A dynamic of the game that only reveals itself later on is teamwork. This isn’t as necessary at the beginning, where fallen teammates were an inconvenience during a boss battle. In the later missions, there are multiple ghosts requiring attention from your particle thrower, and even then they will require more than one person to knock it into submission. During these encounters, you need your teammates to survive. Even though a ghost may be seconds away from being trapped, you have to drop everything and revive your teammates or you will die attempting to do everything yourself. An example of this is in the Museum mission, where you must manage the ghostly possession of civilians as well as your own teammates, all the while attempting to capture the ghosts that are responsible. It’s a harsh lesson, but one that was clearly presented by the films. The war against the supernatural in New York City is not a solo effort.

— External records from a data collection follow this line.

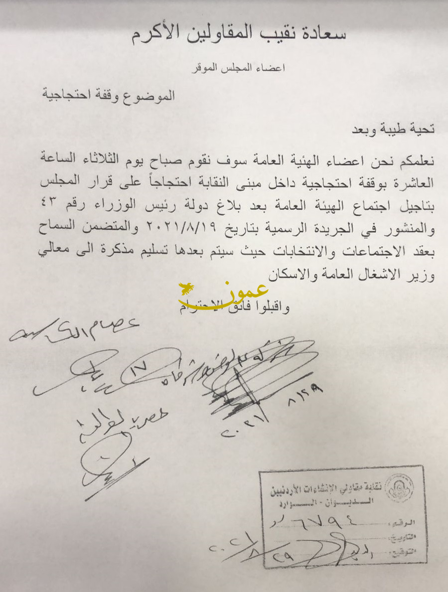 وارسل مجموعة من المقاولين مذكرة يدعوون فيها إلى وقفة احتجاجية داخل مبنى النقابة يوم الثلاثاء الساعة العاشرة صباحا معتبرين قرار المجلس مخالفة لقانون نقابة المقاولين، ومخالفة لنص أمر الدفاع البلاغ رقم ٤٣.
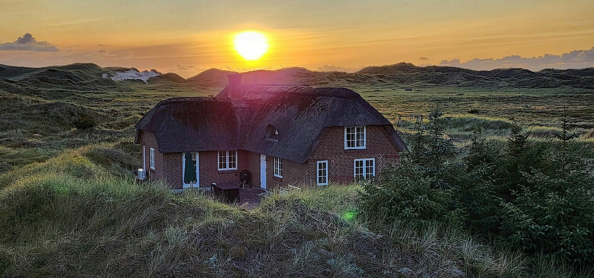 Dette skønne, stråtægte hus ligger helt ugeneret i læ bag klitten lige ud til Vesterhavet og har en vidunderlig udsigt over ådalen og dens rige dyreliv. Her er en helt særlig atmosfære og huset er skønt uanset om I vil hygge jer med familie og venner, kommer for at nyde roen og det vidunderlige landskab eller vil sidde koncentreret med noget arbejde. Der kan altid findes læ lige omkring huset, hvor solen er fra den står op, til aftenen falder på. I kan gå ned at bade på få minutter.
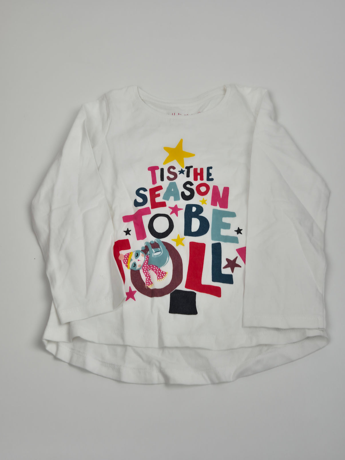 Bílé tričko z příjemné bavlny s veselým vánočním potiskem navodí tu pravou sváteční atmosféru. Barevný motiv se stromečkem, hvězdičkami a nápisem “’Tis the season to be jolly” působí hravě a mile, ideální pro holčičku i kluka. Skvělé na vánoční focení, besídku ve školce i pohodové sváteční dny doma. Díky dlouhému rukávu se hodí i do chladnějšího zimního počasí.
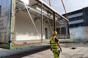Vor etwa einem Jahr, im vergangenen Oktober, hingen die Laborräume noch an einem großen Kran in der Luft – wenige Monate später waren sie schon in Betrieb: Die 45 Mitarbeiterinnen und Mitarbeiter zweier Arbeitsgruppen der Organischen Chemie, der Gruppen von Professorin Beate Koksch und von Professor Christoph Schalley, konnten in den neuen, teils dreistöckigen Modulbau mit 530 Quadratmetern Grundfläche einziehen.

In fact, starting with the fight against the Librarian partway through the third chapter, the game starts to show promise. Aside from the constant direction and commentary from your teammates, the encounters with large ghosts and mission bosses are challenging as you manage damage and try to recover teammates. It can be a frustrating system as you attempt to compensate for the middling squad AI, but at the end of each battle there is a sense of accomplishment. It’s like repeating the last 10 minutes of Ghostbusters and Ghostbusters II each time. These encounters are the reason you keep playing.

And yet the game really starts to break down in the last act when travelling towards the final encounter with Shandor. It becomes difficult in the way you have to manage projectile enemies, swarming enemies, ghosts that must be trapped, and larger monsters. This is a sharp spike that throws off the previously established rhythm of the game. It is no longer about “hunting” ghosts, but fending them off with random blasts of particle beams just to get some space to do your job.

The final showdown with the mayor of New York City – possessed by the ghost of Ivo Shandor, no less – provides a two-stage battle that evokes something startlingly similar to the conclusion of Ghostbusters II. Though Terminal Reality must be given accolades for this encounter, as it is an extremely satisfying, drawn-out fight in the spirit realm, instead of the lucky shots at the end of each film that were favored in the name of pacing. The game’s plot had genuine closure, and all was right with the world (again).

So it’s quite puzzling as to why Terminal Reality assumed that multiplayer would be a big draw for people after the main game was completed, when all it really amounts to is a collection of random task-based missions that can be played co-operatively. It was wasted effort, considering that it had no hope of competing with more attractive options for online play at the time. And Terminal Reality wasn’t even responsible for this component of the game; it was contracted out to Threewave Software. Assuming that this freed up more time to be spent on the single-player campaign, the overall package doesn’t show it.

A familiar, angry face.

Nevertheless, there are the collective opinions of the press that must be resolved. If anyone took the time to consider what was being offered by the game, it would be very hard to justify the 78% average that the XBox 360 and Playstation 3 versions have received. Reading any number of reviews[6] will yield the same sentiment: if you like Ghostbusters, this game is for you. But what if I like video games? No one dared look at this game critically, or in depth beyond pointing out obvious faults – it was perfectly acceptable to give the game an average score an move on, business as usual. There is no need to desecrate happy childhood memories. But sometimes there is.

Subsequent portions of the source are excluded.